The Northern Alliance, with whom the U.S. aligned in 2001, is secretly arming once again, according to former anti-Taliban fighters interviewed in northern Afghanistan’s Panjshir Valley. Their information was confirmed privately by a top U.S. official.

And in the south, attacks have killed the mayor of Kandahar, the provincial police chief of Kandahar, the deputy governor of Kandahar province and the half brother of President Hamid Karzai.

The Taliban also managed to dig a tunnel under the main prison in Kandahar earlier this year and free more than 400 prisoners, most of them Taliban fighters.

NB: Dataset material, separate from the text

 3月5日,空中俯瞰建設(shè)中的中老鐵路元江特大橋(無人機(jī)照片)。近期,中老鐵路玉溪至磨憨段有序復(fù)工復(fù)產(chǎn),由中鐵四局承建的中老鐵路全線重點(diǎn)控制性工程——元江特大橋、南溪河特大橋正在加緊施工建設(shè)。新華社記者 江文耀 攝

U.S. generals dismiss the attacks as signs of desperation within the Taliban ranks. But others say they show that a stronger insurgency now can infiltrate Afghan institutions and slip into parts of the capital, Kabul, under the tightest security control.

The Taliban also have taken over highways, severely limiting people from moving around.

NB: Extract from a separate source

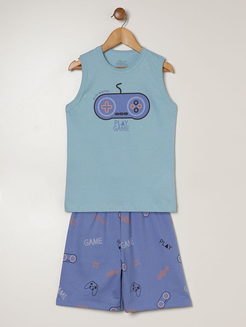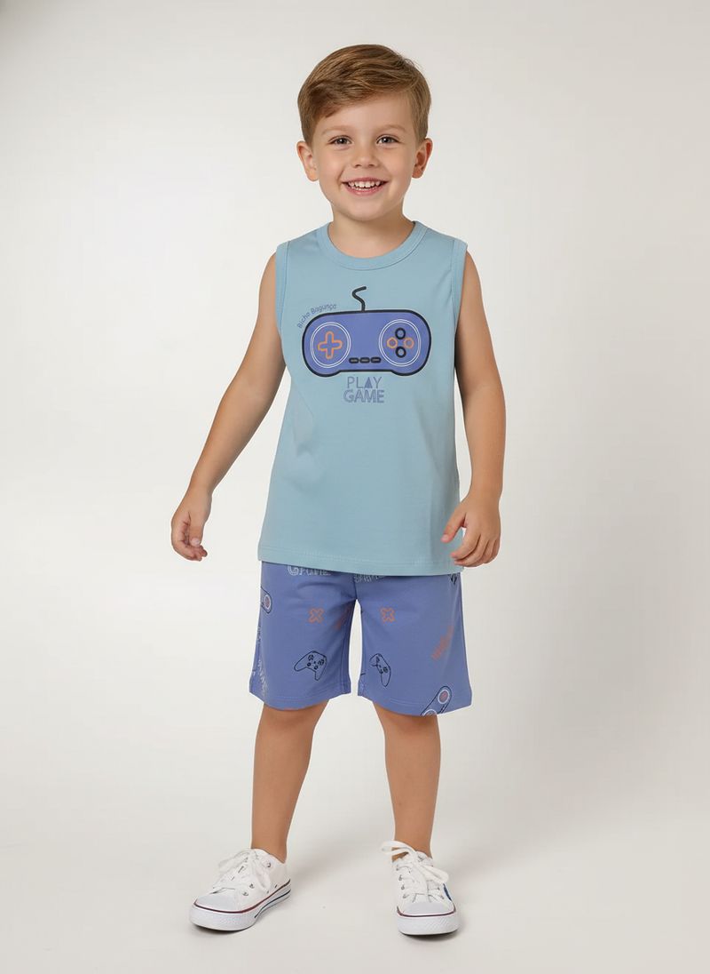 Conjunto Curto Moletinho Infantil Para Menino- AZUL

The Taliban have returned in part because Afghans have learned to expect little from a failed government and institutions wracked with corruption.

Moabullah, a Taliban fighter who would give only his first name, said that when the U.S. first entered Afghanistan a decade ago, the Taliban fled.

“We didn’t even have a place in the mountains then,” he said.

Like many Taliban foot soldiers, he returned to his village and tried to get some funding to start an irrigation project.

But before long, local government officials who had been thrown out by the Taliban on charges of corruption five years earlier returned. They demanded money and weapons and threatened to tell the Americans that Moabullah was Taliban.

He escaped to Iran.

Two years later, he came back and returned to the Taliban. Now the Taliban are welcomed even in Kabul, he said, where residents give them food and water.

“People too soon saw how the foreigners behaved, doing night raids, checking homes with women inside and bombs killing innocent people and children,” he said. “And now … the Taliban are in government, in police. They are very strong today.”

A national poll by the BBC and other media taken in 2009 found that 50 percent of Afghans said corruption among government officials or police had increased in the previous year. About 63 percent said corruption was a big issue, compared with 45 percent a year earlier.

Ordinary Afghans paid $2.5 billion in bribes in 2009, according to a U.N. report - roughly a quarter of the country’s entire gross domestic product.

On average, a bribe runs about $160, a huge amount in a country where the average Afghan makes barely $425 a year, the report concluded.